What is the share of private sector orders for L&T?
Thirty two per cent has come from the private sector. The corresponding number in FY22 was about 26 or 27 per cent. There has been a growth in the private sector and this growth is largely on the back of improved ordering by the steel industry, healthcare industry, minerals and metals industry, and construction equipment.
What is the status of the cloud offering for the regulated sector that you are developing together with Microsoft?
We are still trying to get clients’ interests firmed up as it is a work in progress, because the data centre is under construction. We are building about 30 megawatts to start with, and it may be completed by the end of this year. It has potential to scale up. . The client’s offering could start from 24-25.
Vodafone and Idea have also partnered with L&T for private network solutions.

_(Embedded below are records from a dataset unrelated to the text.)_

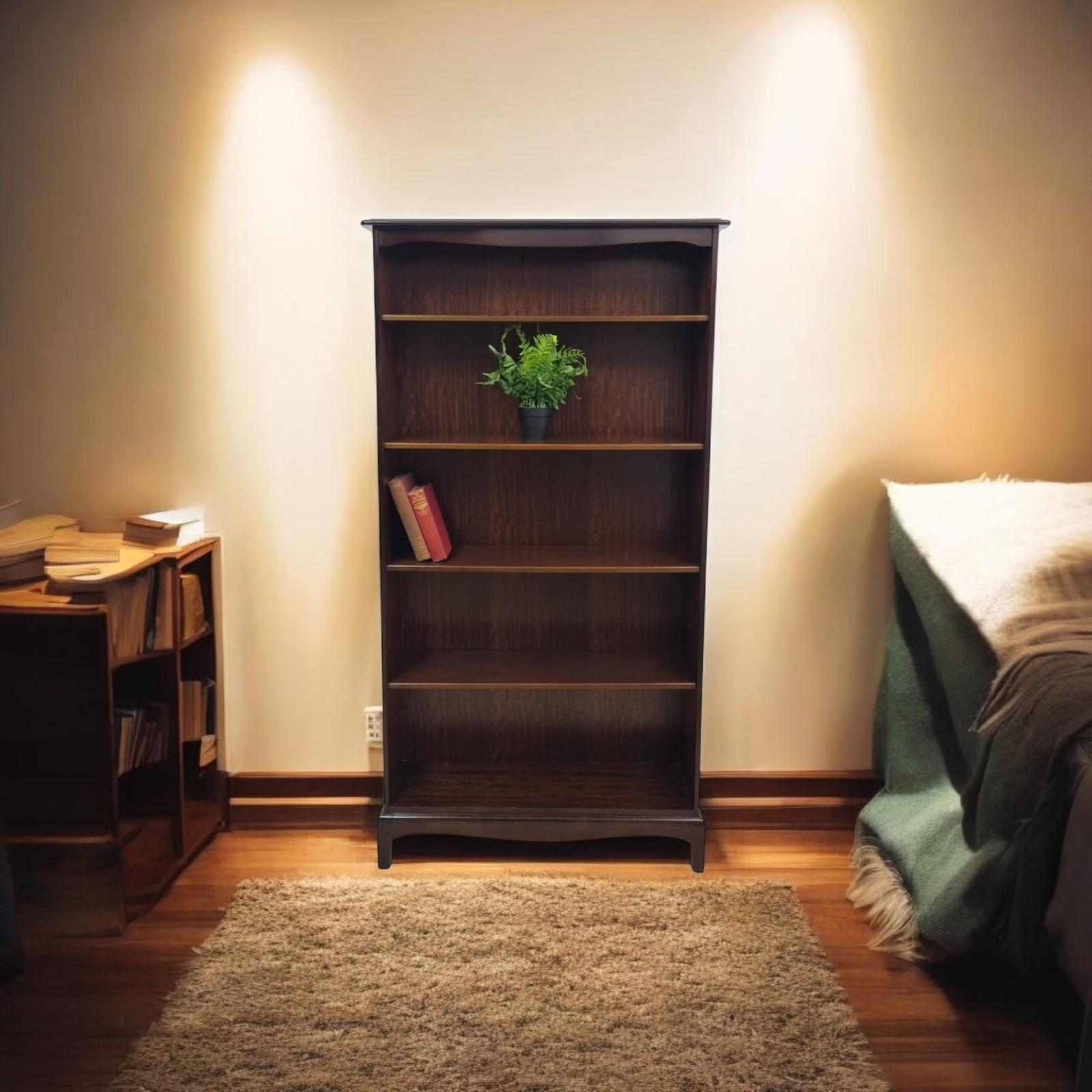 Vintage Stag Minster Tall Mahogany Open Bookcase / Made in England c.1970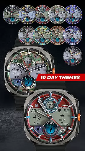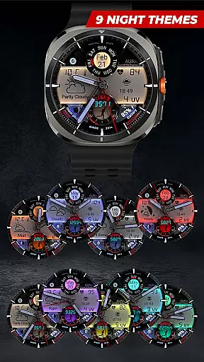 The watch face supports 10 day color themes and 9 night color themes, automatic temperature unit adjustment, and various practical indicators such as battery level, moon phases, and unread messages. Its intuitive design allows users to easily switch between day and night themes and customize their display through simple on-device settings.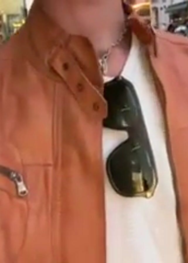 A person stands on a sidewalk, wearing a tan leather jacket over a white shirt. Sunglasses hang from the collar. A silver chain necklace is also visible. Pedestrians walk past in the background. There are storefronts and cars visible on the street. The person filming is stationary. The scene appears to be in an urban environment during the day.
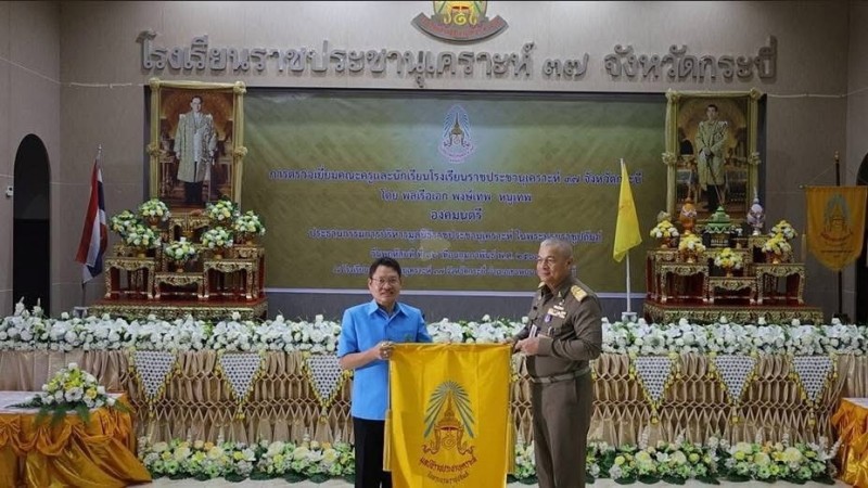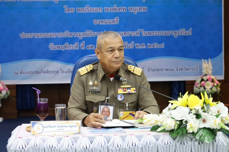 พลเรือเอก พงษ์เทพ หนูเทพ องคมนตรี ประธานกรรมการบริหารมูลนิธิราชประชานุเคราะห์ ในพระบรมราชูปถัมภ์ พร้อมคณะ เดินทางไปตรวจเยี่ยมโรงเรียนราชประชานุเคราะห์ ๓๗ อำเภอเมืองกระบี่ จังหวัดกระบี่
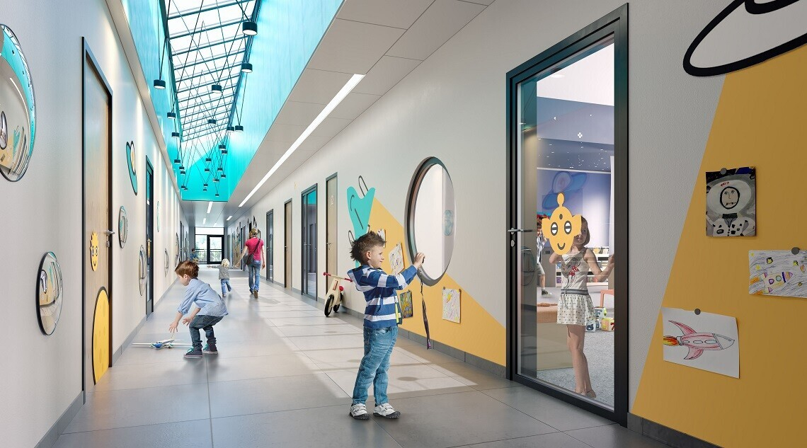 В самих группах появятся интерактивные игровые панели и — обязательно — звездное небо на потолке. Дизайнеры пользовались фотографиями НАСА при оформлении помещений. Кстати, в продолжение космической тематики окна в некоторых помещениях выполнят в виде иллюминаторов.

What kind of an opportunity do you see in this?
I think the potential one would be for our internal network. The other would be as part of our L&T technology services business, which has a telecom vertical to take these solutions to customers on a global basis. At the moment, these are still ideas that are getting sharpened. We’ve not delivered anything.
How is the raw material pricing situation? Is supply still a constraint?
It is easing and prices have come close to pre-Covid level, while some raw materials are still priced higher than pre-Covid. We are not planning for any drop in prices from these levels, but we don’t expect the kind of spike we saw — 25, 50, and 80 per cent — because it is not sustainable. The price increases have also coincided with the global slowdown of inflation and tight money conditions. Given all of that, the ability of the markets to pay more for material is limited. So we assume that, taking current prices as a base, in the next one or two years, which is critical for us to execute the projects that we have won in FY23, the inflation range would be modest.
L&T was looking to be a zero-debt company. How is that shaping up?
L&T’s debt is very minuscule for all operations in its project, business, and manufacturing business. We have a debt-equity of 2.2, which is bare bones and it is just for working capital requirements, because for any project we require guarantees, LLC. It’s good to have a small dose of debt. I mean, it’s not fashionable to just become zero-debt. If you look at the cash equivalent in our balance sheet, we already have net debt zero, because the cash equivalent is more than ₹20,000 crore and the debt that we have is only ₹20,000 crore. So in a sense, we are already debt-free. In a particular manner of speaking, if you want to repay the debt, we can liquidate all the investments and pay off the debt. That shouldn’t be a problem, but I don’t think that’s a course; we think we are quite optimally structured from a capital structure point of view. I think we’re already at an optimum level of debt. I think the best-case scenario over the next couple of years could be this 1.14 debt.